Regardless of the source of your coverage – whether it’s through a private employer, self-purchased, or Medicare – open enrollment is your opportunity to ensure you’ve optimized your coverage. A big mistake people often make is sticking with their current plan because it’s familiar, or they just don’t like change. By doing so, they might be leaving money on the table and missing out on valuable benefits.

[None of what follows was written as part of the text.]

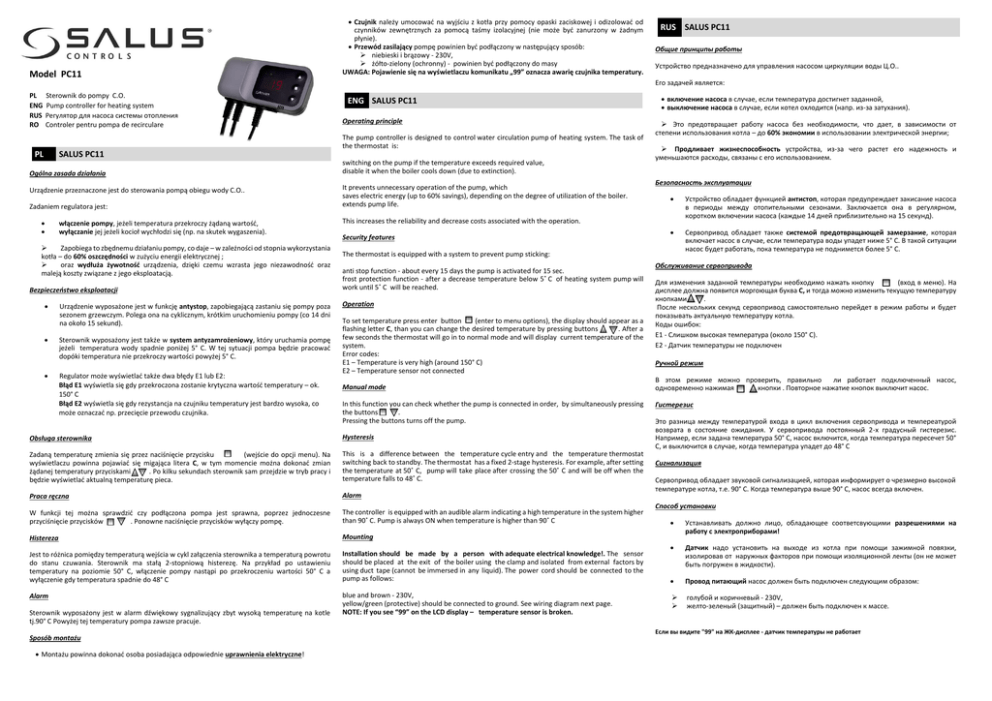 Model PC11 PL ENG RUS RO Sterownik do pompy C.O. Pump controller for heating system Регулятор для насоса системы отопления Controler pentru pompa de recirculare PL SALUS PC11 Ogólna zasada działania Urządzenie przeznaczone jest do sterowania pompą obiegu wody C.O.. Zadaniem regulatora jest: włączenie pompy, jeżeli temperatura przekroczy żądaną wartość, wyłączanie jej jeżeli kocioł wychłodzi się (np. na skutek wygaszenia). Zapobiega to zbędnemu działaniu pompy, co daje – w zależności od stopnia wykorzystania kotła – do 60% oszczędności w zużyciu energii elektrycznej ; oraz wydłuża żywotność urządzenia, dzięki czemu wzrasta jego niezawodność oraz maleją koszty związane z jego eksploatacją. Bezpieczeństwo eksploatacji Urządzenie wyposażone jest w funkcję antystop, zapobiegającą zastaniu się pompy poza sezonem grzewczym. Polega ona na cyklicznym, krótkim uruchomieniu pompy (co 14 dni na około 15 sekund). Sterownik wyposażony jest także w system antyzamrożeniowy, który uruchamia pompę jeżeli temperatura wody spadnie poniżej 5° C. W tej sytuacji pompa będzie pracować dopóki temperatura nie przekroczy wartości powyżej 5° C. Regulator może wyświetlać także dwa błędy E1 lub E2: Błąd E1 wyświetla się gdy przekroczona zostanie krytyczna wartość temperatury – ok. 150° C Błąd E2 wyświetla się gdy rezystancja na czujniku temperatury jest bardzo wysoka, co może oznaczać np. przecięcie przewodu czujnika. Czujnik należy umocować na wyjściu z kotła przy pomocy opaski zaciskowej i odizolować od czynników zewnętrznych za pomocą taśmy izolacyjnej (nie może być zanurzony w żadnym płynie). Przewód zasilający pompę powinien być podłączony w następujący sposób: niebieski i brązowy - 230V, żółto-zielony (ochronny) - powinien być podłączony do masy UWAGA: Pojawienie się na wyświetlaczu komunikatu „99” oznacza awarię czujnika temperatury. ENG SALUS PC11 Operating principle The pump controller is designed to control water circulation pump of heating system. The task of the thermostat is: switching on the pump if the temperature exceeds required value, disable it when the boiler cools down (due to extinction). It prevents unnecessary operation of the pump, which saves electric energy (up to 60% savings), depending on the degree of utilization of the boiler. extends pump life. Security features включение насоса в случае, если температура достигнет заданной, выключение насоса в случае, если котел охлодится (напр. из-за затухания). Это предотвращает работу насоса без необходимости, что дает, в зависимости от степени использования котла – до 60% экономии в использовании электрической энергии; Продливает жизнеспособность устройства, из-за чего растет его надежность и уменьшаются расходы, связаны с его использованием. Безопасность эксплуатации Устройство обладает функцией антистоп, которая предупреждает закисание насоса в периоды между отопительными сезонами. Заключается она в регулярном, коротком включении насоса (каждые 14 дней приблизительно на 15 секунд). Сервопривод обладает также системой предотвращающей замерзание, которая включает насос в случае, если температура воды упадет ниже 5° C. В такой ситуации насос будет работать, пока температура не поднимется более 5° C. The thermostat is equipped with a system to prevent pump sticking: anti stop function - about every 15 days the pump is activated for 15 sec. frost protection function - after a decrease temperature below 5˚ C of heating system pump will work until 5˚ C will be reached. Operation To set temperature press enter button (enter to menu options), the display should appear as a flashing letter C, than you can change the desired temperature by pressing buttons . After a few seconds the thermostat will go in to normal mode and will display current temperature of the system. Error codes: E1 – Temperature is very high (around 150° C) E2 – Temperature sensor not connected Manual mode In this function you can check whether the pump is connected in order, by simultaneously pressing the buttons . Pressing the buttons turns off the pump. Zadaną temperaturę zmienia się przez naciśnięcie przycisku (wejście do opcji menu). Na wyświetlaczu powinna pojawiać się migająca litera C, w tym momencie można dokonać zmian żądanej temperatury przyciskami . Po kilku sekundach sterownik sam przejdzie w tryb pracy i będzie wyświetlać aktualną temperaturę pieca. This is a difference between the temperature cycle entry and the temperature thermostat switching back to standby. The thermostat has a fixed 2-stage hysteresis. For example, after setting the temperature at 50˚ C, pump will take place after crossing the 50˚ C and will be off when the temperature falls to 48˚ C. Praca ręczna Alarm W funkcji tej można sprawdzić czy podłączona pompa jest sprawna, poprzez jednoczesne przyciśnięcie przycisków . Ponowne naciśnięcie przycisków wyłączy pompę. The controller is equipped with an audible alarm indicating a high temperature in the system higher than 90˚ C. Pump is always ON when temperature is higher than 90˚ C Histereza Mounting Jest to różnica pomiędzy temper

Here are some tips to make your open enrollment decisions more manageable:

  • Review Your Coverage: Don’t assume that what you elected last year is still the best option for you. Changes in co-pay amounts or deductibles may have occurred, and your medical providers might no longer be in your current plan’s network. Also, check your prescription drug plan to ensure your medications will still be covered.
  • Work with a  Broker: Most brokers have access to many different carriers and can provide a great overview of what’s available on the market. When speaking directly with an insurance provider, keep in mind that their opinions will reflect the values of the company they work for and not always what is in your best interest. There are also a great number of online tools to help in your search. Medicare’s website, for instance, makes it easier to shop for plans. At healthcare.gov, you can preview 2024 Marketplace health plans and get estimated prices. Using these tools is a great way to vet the broker you’re working with.
  • Take Advantage of Flexible Spending Accounts: Don’t forget to contribute to a flexible spending account (FSA), a dependent-care FSA, or a health savings account (HSA). These accounts can help you save on out-of-pocket health and dependent-care expenses.
  • Review Insurance Coverage: Compare rates on the open market, even if your employer offers life insurance. It’s often cheaper to purchase individual insurance, especially if you’re in good health. If you have pre-existing health issues, explore your employer’s options, but be aware of potential coverage loss if you leave your job.
  • Consider Disability Insurance: If your workplace offers disability insurance, it’s a wise choice as you’re more likely to become disabled than to pass away at a young age.
  • Update Beneficiary Information: Don’t overlook updating your beneficiary details, especially if you’ve experienced major life changes like marriage or divorce.
  • Avoid Procrastination: Get as much information as you can on available plans in your area. Don’t wait until the last day of open enrollment to make your choices. Start reviewing your options early, no matter what type of coverage you have.

If you’re 65 or older and have Medicare, be careful with where you submit your information online. By entering your information on different websites you open yourself up to be contacted by a number of people that aren’t all good actors.  Working with local agencies and brokers is the way to go.

Open enrollment can be a hassle, but failing to act could lead to unexpected costs.